To achieve a more granular understanding of the position-dependent structural preferences of base-pair steps, we quantified the contribution of each of the base-pair step’s conformational states in the bound tectoRNA. States with an increased representation (over and above the expected sampling frequency from the Monte Carlo simulation) in the bound tectoRNA should correspond to the states that promote binding and vice versa for those with a decrease in representation (SI Appendix, Fig. S9). We observed disproportionate representation of certain states within each base-pair step’s ensemble in the bound tectoRNA (illustrated for the AU/AU ensemble in Fig. 4A and for all base pairs in SI Appendix, Fig. S10).

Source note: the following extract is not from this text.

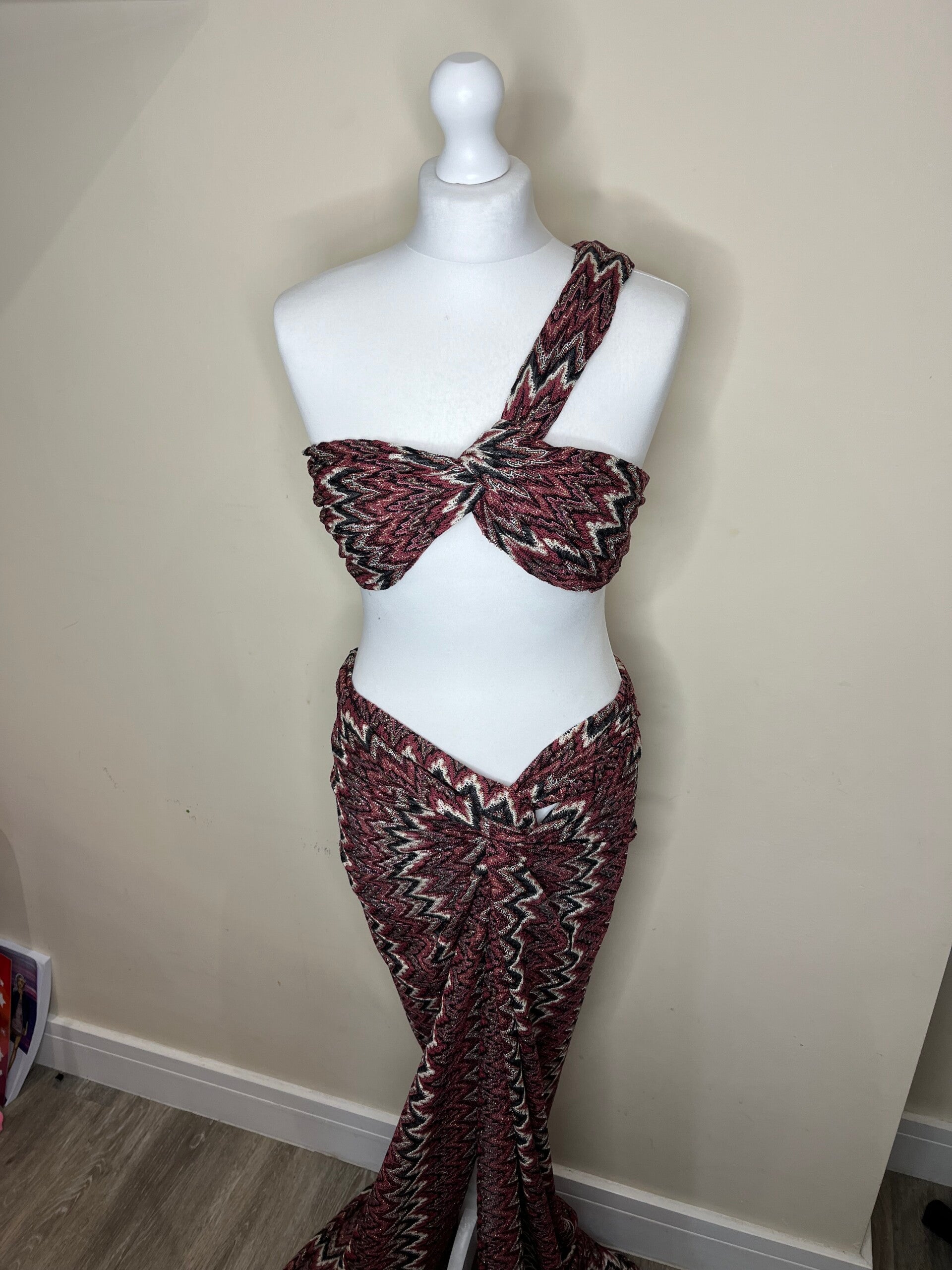 Our tie top zig zag knit and matching maxi skirt two piece co ord in purple

Notably, these changes were highly position dependent such that the majority of states could be over-represented or under-represented, depending on their position within the chip-piece helix (Fig. 4A). To illustrate further, conformational states of the AU/AU ensemble were clustered based on their position-dependent representation (shown in a dendrogram and colors in Fig. 4A). Conformational states in different clusters were each associated with distinct structural behaviors with small but consistent structural differences between structures in different clusters (>1-Å differences; Fig. 4 B and C). For example, conformers in class 6, which promote binding in positions 1–3 in the helix, are more twisted and thus span less translational distance than conformers in class 1, which promote binding only in the very first or last base pair in the helix (Fig. 4 B and C). These results would predict that the same base-pair element adopts different conformations in the bound state depending on its location within the helix, thereby accounting for the differential base-pair preferences along the helix (Fig. 3D). These different conformational preferences further underscore the necessity of an ensemble to account for thermodynamic effects in RNA tertiary structure formation.
Fig. 4.
Base-pair conformations differ by position within the helix. (A) Change in sampling frequency of conformational states in the AU/AU ensemble in the bound versus the partially bound. (B) Example structures of base-pair step conformations that are enriched and depleted at 2 positions. (C) Change in positioning between enriched and depleted conformational states at each position of any base-pair type. (see SI Appendix, Fig. S8 for other coordinates). Enriched = sampling frequency more than 2-fold greater than expected, and depleted = sampling frequency less than 2-fold less than expected.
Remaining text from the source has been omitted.